**Your task**
Produce a word-for-word copy of the line that contains "Zestaw prezentowy Miłość" and each line after it through the end of the material, omitting pictures and all other lines.

Provided material: Begin

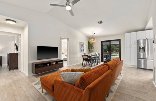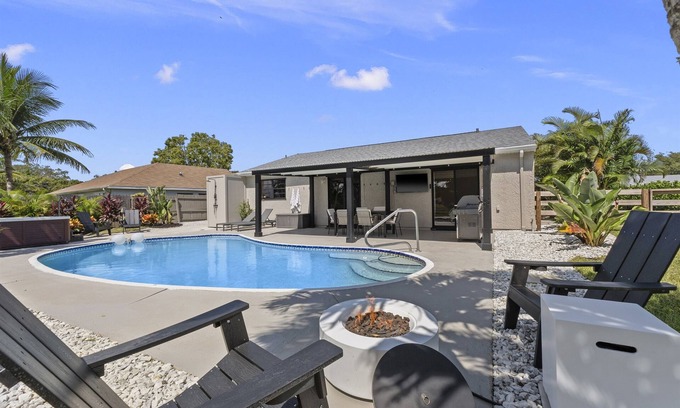 Discover this stylish 3-bed, 2-bath vacation home in Port St. Lucie, FL, designed for coastal relaxation. Enjoy a dip in the crystal clear pool, or unwind in the bubbling hot tub while observing serene nature & wildlife views. Smart devices play your favorite tunes while prepping your morning coffee or for afternoon barbecues. Nestled in the privacy of lush tropical greenery, you're only minutes from premier golf courses or the ocean surf at sandy Jensen Beach. Experience your perfect getaway!
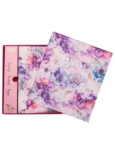 Zestaw prezentowy Miłość zawiera pudełko upominkowe z wieczkiem ozdobionym motywem kwiatowym z subtelnymi złoceniami oraz idealnie dobranym kolorem metalizowane spody. Wewnątrz pudełka umieściliśmy pięć różnych, starannie dobranych romantycznych notatników. Kwiatowe okładki zdobione tłoczeniami złotą folią, tworzą piękną kompozycję graficzną, a kolorowe przeszycia grzbietów dopełniają wyjątkowy charakter i podkreślają znaczenie detali. Notatniki sprawdzą się jako pamiętnik, szkicownik lub miejsce na wszelkie codzienne notatki.
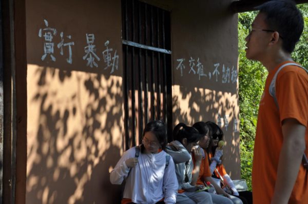 行路的后半程,队员们都气喘吁吁,汗珠如雨下,衣服湿了,交谈议论少了。停下来休息时,偶有路过的当地的村民,对枫香树团队重走长征路的活动表示出赞许,认为青年人有这样的意识、行动、锻炼值得肯定;还有住在周围的村民主动为枫香树团队的队员们端上一碗老荫茶,送上家种的玉米,这些都给与了队员们无穷力量,尽管大家已筋疲力尽,但得到了鼓励,又一次坚定了意志,最终,队员们一鼓作气,在接近中午的时间,披着满身灿烂的阳光,枫香树团队成功结束了石壕镇长征之行。

Provided material: End

**Exercise output**
 Zestaw prezentowy Miłość zawiera pudełko upominkowe z wieczkiem ozdobionym motywem kwiatowym z subtelnymi złoceniami oraz idealnie dobranym kolorem metalizowane spody. Wewnątrz pudełka umieściliśmy pięć różnych, starannie dobranych romantycznych notatników. Kwiatowe okładki zdobione tłoczeniami złotą folią, tworzą piękną kompozycję graficzną, a kolorowe przeszycia grzbietów dopełniają wyjątkowy charakter i podkreślają znaczenie detali. Notatniki sprawdzą się jako pamiętnik, szkicownik lub miejsce na wszelkie codzienne notatki.
 行路的后半程,队员们都气喘吁吁,汗珠如雨下,衣服湿了,交谈议论少了。停下来休息时,偶有路过的当地的村民,对枫香树团队重走长征路的活动表示出赞许,认为青年人有这样的意识、行动、锻炼值得肯定;还有住在周围的村民主动为枫香树团队的队员们端上一碗老荫茶,送上家种的玉米,这些都给与了队员们无穷力量,尽管大家已筋疲力尽,但得到了鼓励,又一次坚定了意志,最终,队员们一鼓作气,在接近中午的时间,披着满身灿烂的阳光,枫香树团队成功结束了石壕镇长征之行。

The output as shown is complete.